## WHAT THE TASK REQUIRES
Your copy should start at the line with "This card is" and end at the line with "万寿菊是菊科万寿菊属一年生草" in the data below. Transcribe only those lines, exactly, pictures excluded.

## DATA
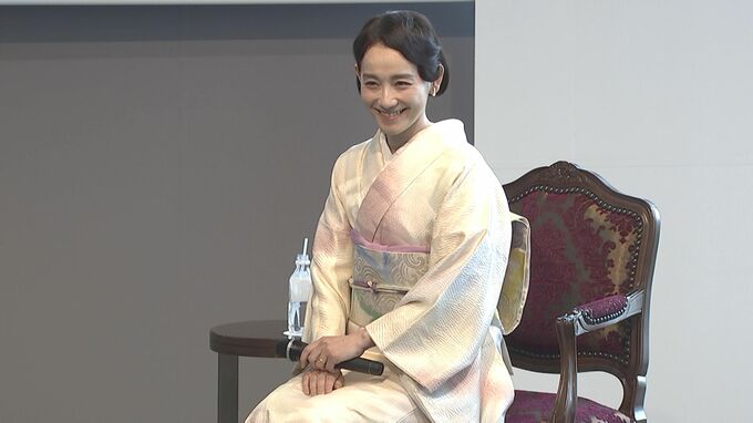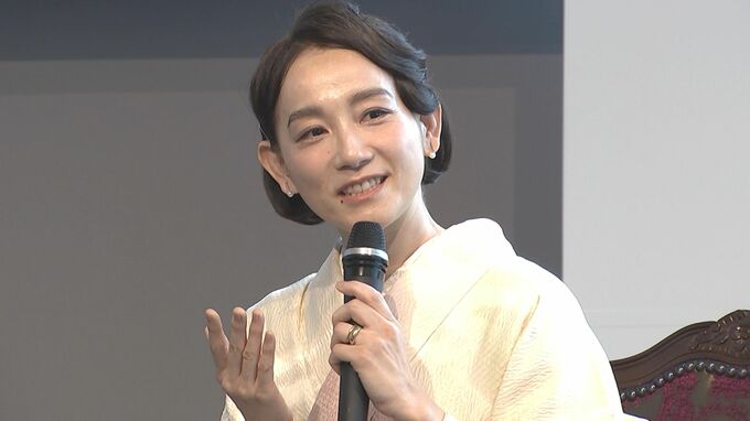 篠原さんは、白を基調とした艶やかな着物と、雲柄の帯を身に着けて登場しました。 “私は生活の中に、積極的に香りを取り入れておりまして。香りは、感情を導いてくれるものだと思っています。例えば、皆さんに元気を届けたいステージの時は、柑橘系・フレッシュな香りをまとう。”
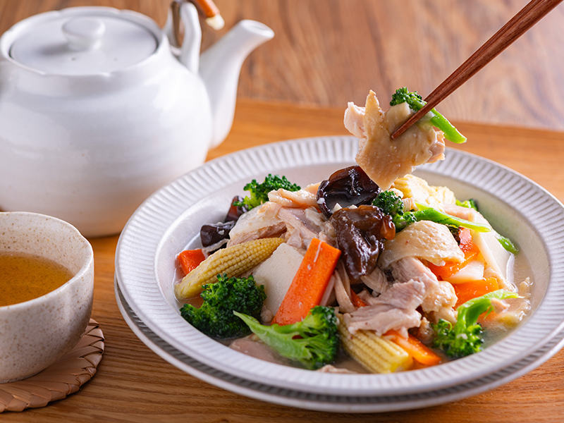 準備一台電鍋,配料放上蒸盤,雞肉放入內鍋並加水淹過雞肉,外鍋加 1 杯水,放入蒸架、內鍋和蒸盤,按下開關,6-10分鐘後先取出配料,最後待電鍋跳起雞肉再燜 5 分鐘。
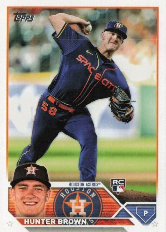 This card is 1 of 18 Hunter Brown's card variations in the 2023 Topps set being tracked by Sports Card Investor, including Base, Gold Foil, Rainbow Foil, Royal Blue, and Gold /2023.
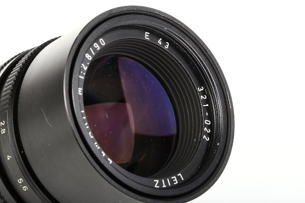 此鏡為 Elmarit-M 2.8/90mm的原型版,它多處特徵均與正式生產的產品不同:光圈及景深尺最小為16,但正常量產版的則為f/22;拍品口徑為E43,而正式產品是E46;鏡頭前數字環為平口,正式為斜口;鏡身較短,遮光罩亦較正式產品短;調焦環數字比正式產品多出15m一檔;該鏡頭的光學技術研發編號為321。另外,此拍品的鏡頭編號並非在正常生產之列,產量甚少。連鏡頭前後蓋。
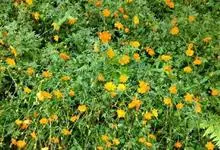 万寿菊是菊科万寿菊属一年生草本植物,别名孔雀菊、缎子花、臭菊花、西番菊、红黄草、小万寿菊、臭芙蓉、孔雀草。万寿菊茎近基部分枝。叶羽状分裂,长5-10厘米,宽4-8厘米,裂片长椭圆形或披针形,具锐齿,…全部>>
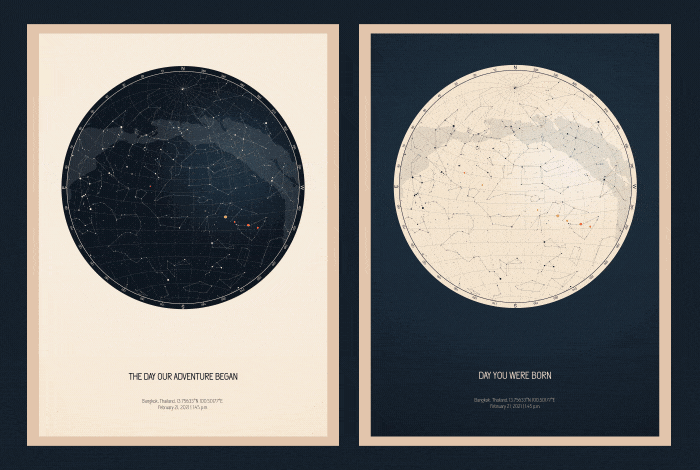 Ein Geschenk zu machen gibt dir die Chance, jemandem das Gefühl zu geben, etwas Besonderes zu sein, eine Zeit, um zu zeigen, dass du in einem wichtigen Moment in seinem Leben an ihn gedacht hast. Deshalb gewinnt beim Schenken jedes Mal die Originalität. Personalisierte Poster und Leinwanddrucke von Positive Prints werden auf Bestellung für alle besonderen Menschen in deinem Leben maßgefertigt. Sie spiegeln einen für sie einzigartigen Moment wider, sei es eine Sternenkarte oder ein Mondphasenplakat der Nacht, in der du oder dein Lieblingsmensch geboren wurde. Oder greife auf eine "Wo wir uns trafen"-Karte zurpck, um euer erstes Date mit deinem Liebsten hervorzuheben. Jeder Druck ist wirklich ein Unikat, um zu zeigen, dass du besondere Aufmerksamkeit und Sorgfalt in das besondere Geschenk reingesteckt hast.

## RESPONSE AREA
 This card is 1 of 18 Hunter Brown's card variations in the 2023 Topps set being tracked by Sports Card Investor, including Base, Gold Foil, Rainbow Foil, Royal Blue, and Gold /2023.
 此鏡為 Elmarit-M 2.8/90mm的原型版,它多處特徵均與正式生產的產品不同:光圈及景深尺最小為16,但正常量產版的則為f/22;拍品口徑為E43,而正式產品是E46;鏡頭前數字環為平口,正式為斜口;鏡身較短,遮光罩亦較正式產品短;調焦環數字比正式產品多出15m一檔;該鏡頭的光學技術研發編號為321。另外,此拍品的鏡頭編號並非在正常生產之列,產量甚少。連鏡頭前後蓋。
 万寿菊是菊科万寿菊属一年生草本植物,别名孔雀菊、缎子花、臭菊花、西番菊、红黄草、小万寿菊、臭芙蓉、孔雀草。万寿菊茎近基部分枝。叶羽状分裂,长5-10厘米,宽4-8厘米,裂片长椭圆形或披针形,具锐齿,…全部>>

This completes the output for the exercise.